La amplia habitación VIP del hospital estaba envuelta en un ambiente extraño, pero al mismo tiempo, todo parecía en armonía.
Ariana estaba sentada en la zona de descanso de la habitación, platicando con Salomé y su esposo. No muy lejos, Esteban permanecía en silencio junto al mueble, pelando fruta con meticulosidad.
Cortaba la fruta en trozos pequeños y perfectos, ideales para comer de un solo bocado. Luego, acomodó algunos tenedores en el plato de frutas antes de llevarlo, sin prisa, hacia donde estaba su madre.
—Prueba un poco.
La voz de Esteban era profunda y serena; su expresión tan natural que cualquiera pensaría que Ariana no existía para él, como si fuera invisible.
Pero justo cuando Esteban se acercó, Ariana instintivamente se movió un poco hacia un lado.
No quería estar cerca de él, mucho menos respirar el mismo aire que ese hombre.
A Esteban no pareció molestarle ese pequeño gesto suyo.
—Ari, deberías comer algo, esta fruta está dulce —dijo Salomé con una sonrisa, invitando a Ariana a probar un poco.
Aunque sabía que esas frutas habían sido cortadas por su hijo y tal vez Ariana no quisiera comerlas.
Y como lo esperaba, Ariana rechazó la invitación con amabilidad:
—Gracias, señora Salomé, pero mejor coman ustedes. Tengo que regresar a casa, voy a cenar con mi papá, ya me tengo que ir.
Al escucharla mencionar a su padre, Salomé pareció conmoverse un poco y no pudo evitar preguntar:
—¿Tu papá está bien? Hace tiempo que no lo vemos, ni yo ni el señor Ferreira.

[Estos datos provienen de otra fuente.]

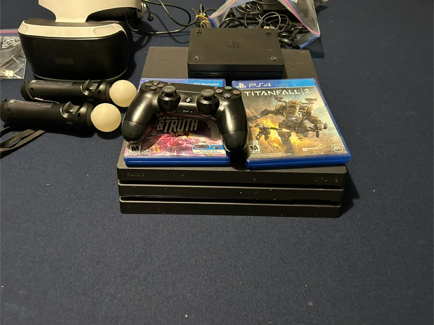 Selling a PlayStation VR bundle! Includes the headset, two move controllers, a PlayStation 4 pro, and two games: Everybody's Golf and Titanfall 2. All the necessary cables are included as well, so you're ready to jump into virtual reality gaming!
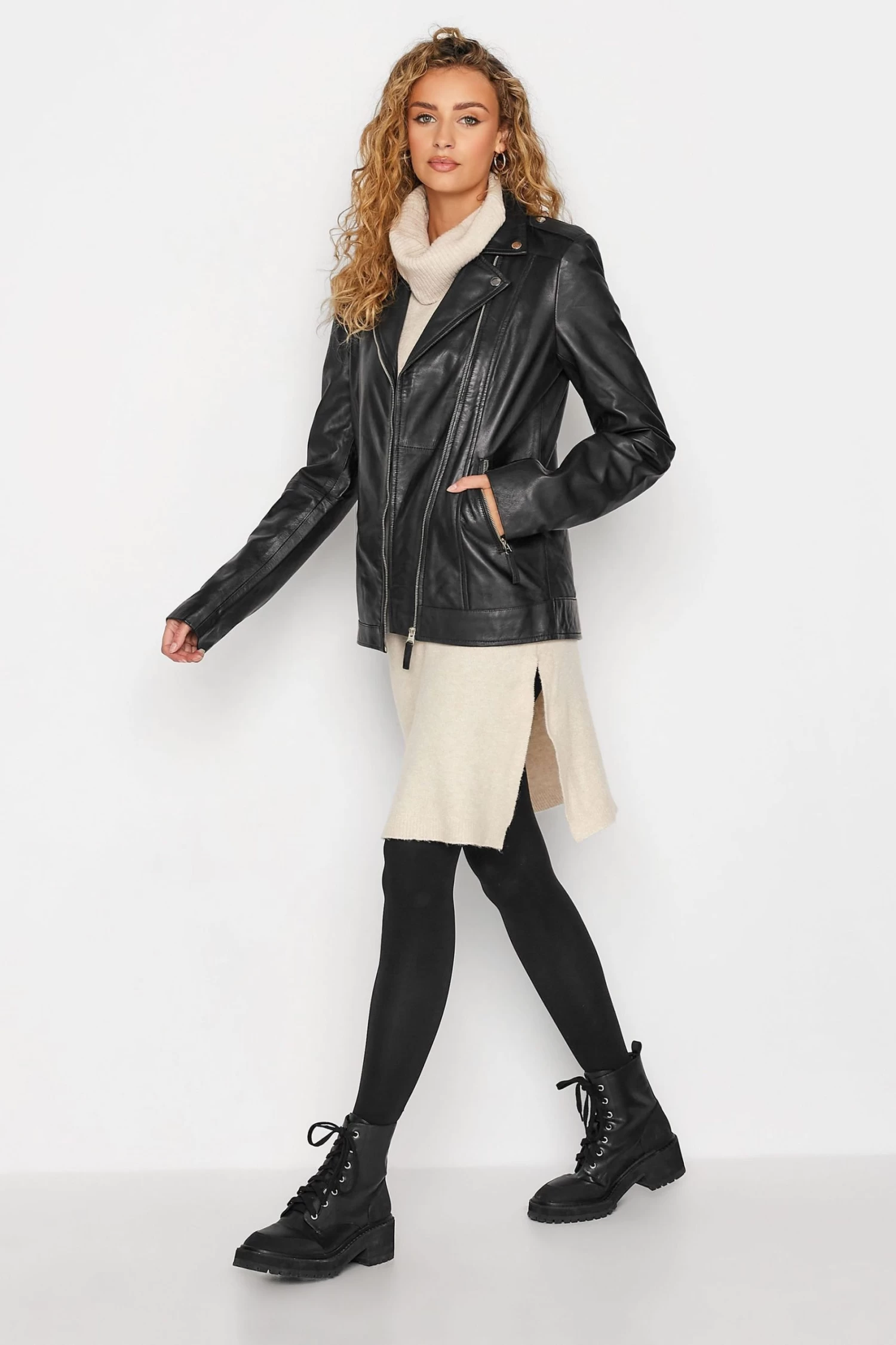 Long Tall Sally offers products for women 5’8” and over. At Long Tall Sally, our tall clothing is designed to fit and flatter tall frames throughout, available to shop in UK sizes 8-28 and up to a 38″ leg. Our models is 5’11 and wears a size 10. Elevate your wardrobe with this LTS leather jacket. Made from 100 leather it features long sleeves a zip fastening with two side pockets and an open collar. Layer over any outfit casual or occasion wear.

Héctor intervino, recordando con una sonrisa tranquila:
—Sí, la última vez que lo vimos fue en su cumpleaños, ¿no? Ya pasaron unos cinco o seis meses, creo.
Desde que Ariana y Esteban se casaron, Julián Santana celebraba su cumpleaños dos veces al año: una con su familia y amigos de toda la vida, en la fecha según el calendario tradicional, y otra, en la fecha oficial, con Salomé, Héctor y Esteban, compartiendo una cena sencilla en casa de Julián.
Así habían sido los últimos tres años. Pero este año… las cosas cambiaron.
Salomé y su esposo no pudieron evitar sentir cierta nostalgia.
Ariana, serena, respondió:
—Sí, ya tiene rato, pero mi papá está muy bien, señora Salomé, señor Ferreira, no se preocupen.
Salomé sonrió, aliviada, y preguntó:
—¿Vas a salir ahora? Si quieres, le pido a Manu que te lleve. A esta hora es difícil encontrar carro.
—Gracias, señora Salomé. Entonces, me despido, la próxima vez vuelvo a visitarla —esta vez Ariana no rechazó la amabilidad.
Por la tarde, cuando se mudó a la nueva casa, Ariana ya le había llamado a Julián para avisarle que esa noche cenarían juntos.
Al llegar, Julián ya había preparado tres platos y una sopa, y toda la casa estaba impregnada de un aroma delicioso que abría el apetito en segundos.
Ariana aprendía todo rápido, y lo hacía bien, salvo en la cocina: ahí, por más que se esforzara, jamás igualó el sazón de su padre.
—La comida de papá es la mejor —dijo Ariana sentándose a la mesa, con la alegría de una niña.
Julián le sonrió con ternura:
—Si te gusta tanto, puedes venir todos los días. Yo te preparo lo que quieras.
Ariana soltó una carcajada mientras se servía:
—No quiero que te canses, papá. Con venir de vez en cuando y aprovechar para comer rico, ya me doy por bien servida.
Padre e hija platicaron animados durante la cena, a ratos comentando lo que pasaba en la televisión. Era un momento de paz y calidez, como los que marcaron la infancia de Ariana.
En aquellos años, cuando su madre Elena aún vivía, aunque ambos padres siempre estaban ocupados, los fines de semana y días festivos se reservaban para estar los tres juntos, compartiendo la mesa y risas.
Por eso Ariana siempre tuvo una visión optimista del matrimonio, creyendo en la felicidad y la armonía.
Hasta que se topó con Esteban, y descubrió que el matrimonio también podía doler como una herida abierta.